Doubts surround TFR securitisation
Almost E15m could be the minimum annual inflow to the new Italian pension funds if a law approved by the D’Alema’ government in August is put into practice. This new law encourages the securitisation of the annual cash flow that companies are supposed to put aside as ‘trattamento di fine lavoro’ (TFR): the lump sum that Italian employees get when they leave a company and that now must guarantee a yield of150 basis points higher than 75% of the inflation rate, making TFR’s rate approximately 3% pa currently.
The new law aims to convert these annual reserves into stocks and bonds, that can be bought by pension funds. At present, most employers do not put the annual TFR into special reserves, but use it as a cheap way to finance themselves. So, if they had to give it up, they would have to raise funds in other ways, either through bank debts ( which is much more expensive than the TFR or through the financial market (that Italian companies are not very familiar with).
Since securitisation of the TFR is not compulsory, both companies and employees would have to agree. Employees might think that their TFR invested in a pension fund would perform better than the current 3%.
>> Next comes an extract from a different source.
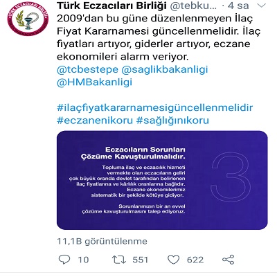 TEB’ in Twitter paylaşımı 551 kez retweenlendi. 622 like yapılan paylaşıma 10 yorum geldi. Yapılan paylaşıma eczacılardan geniş bir destek gelmediği gözlendi.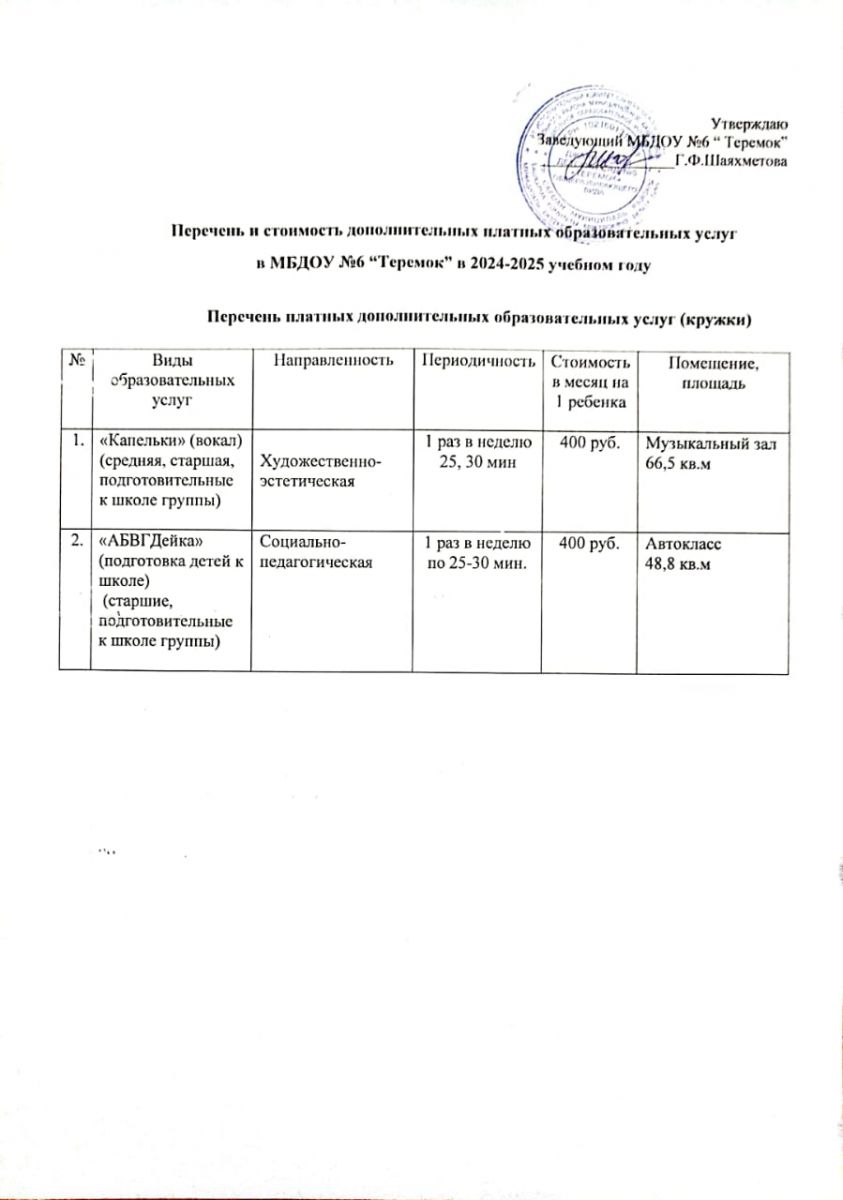 Перечень и стоимость дополнительных платных образовательных услуг на 2024-2025 учебный год.

There are different ways for such securitisation to happen. If listed, the company can increase its capital by issuing shares or bonds in favour of its employees' pension fund; if it's listed, but declares it will be in two years, it can issue convertible bonds, again in favour of its employees' pension fund; if it's not listed, but allow a ‘qualified financial operator’ acquire at least 10% of its capital , it can issue convertible or cum warrant bonds; if the company is not listed and has less than 50 employees , it can transfer cash from TFR to the pension fund.
Pension fund’ money managers would have to accept the securities offered by the companies, something that currently is not likely to happen: most fund managers think that the new fiscal incentives are not attractive enough to bother about TFR securitisation.
After the law was approved, there were proposals to abolish TFR by transforming it into salary an giving fiscal benefits to employees who voluntarily invest it into their pension funds.